## The problem
Restate the data exactly as given and keep the pictures out.

## Dataset section
——

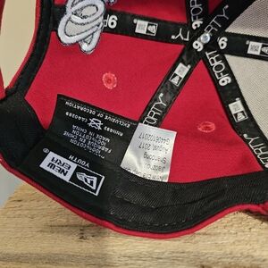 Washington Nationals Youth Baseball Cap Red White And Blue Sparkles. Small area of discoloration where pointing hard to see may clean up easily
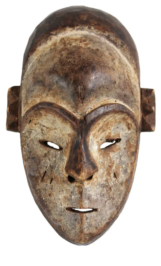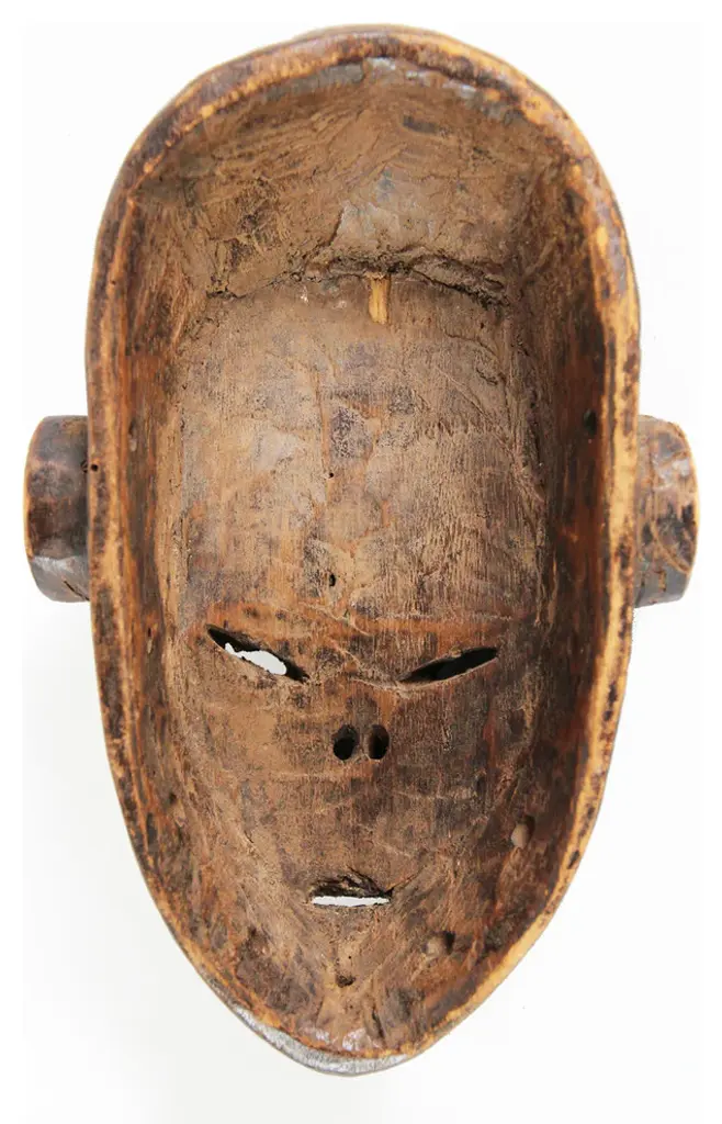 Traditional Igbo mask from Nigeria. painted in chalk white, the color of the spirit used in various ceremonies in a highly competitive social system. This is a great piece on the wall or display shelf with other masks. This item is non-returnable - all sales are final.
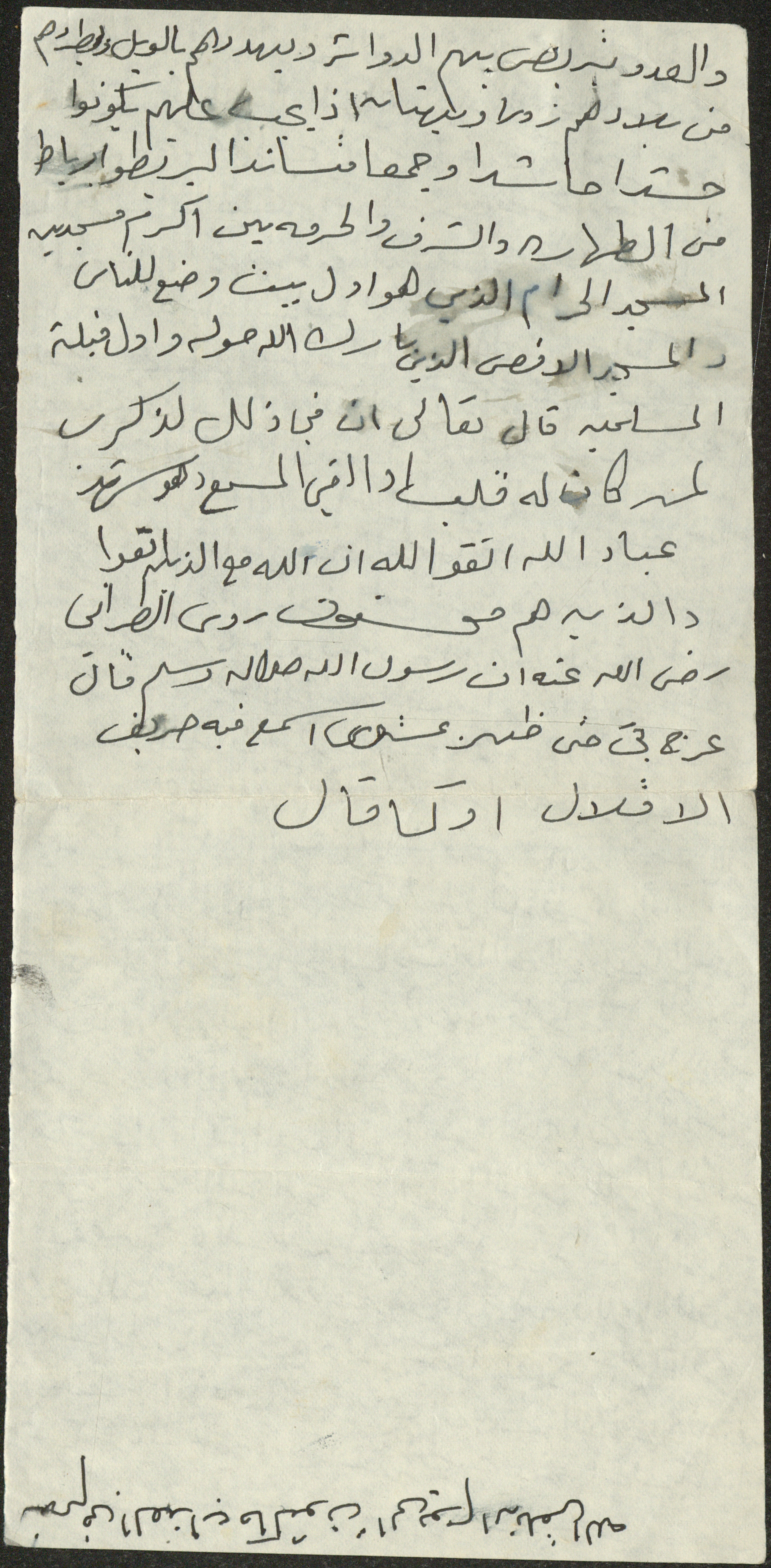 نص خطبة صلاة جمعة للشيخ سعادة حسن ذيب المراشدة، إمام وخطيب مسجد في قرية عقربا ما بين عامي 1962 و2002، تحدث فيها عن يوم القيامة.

——

## Result of the exercise
 Washington Nationals Youth Baseball Cap Red White And Blue Sparkles. Small area of discoloration where pointing hard to see may clean up easily
 Traditional Igbo mask from Nigeria. painted in chalk white, the color of the spirit used in various ceremonies in a highly competitive social system. This is a great piece on the wall or display shelf with other masks. This item is non-returnable - all sales are final.
 نص خطبة صلاة جمعة للشيخ سعادة حسن ذيب المراشدة، إمام وخطيب مسجد في قرية عقربا ما بين عامي 1962 و2002، تحدث فيها عن يوم القيامة.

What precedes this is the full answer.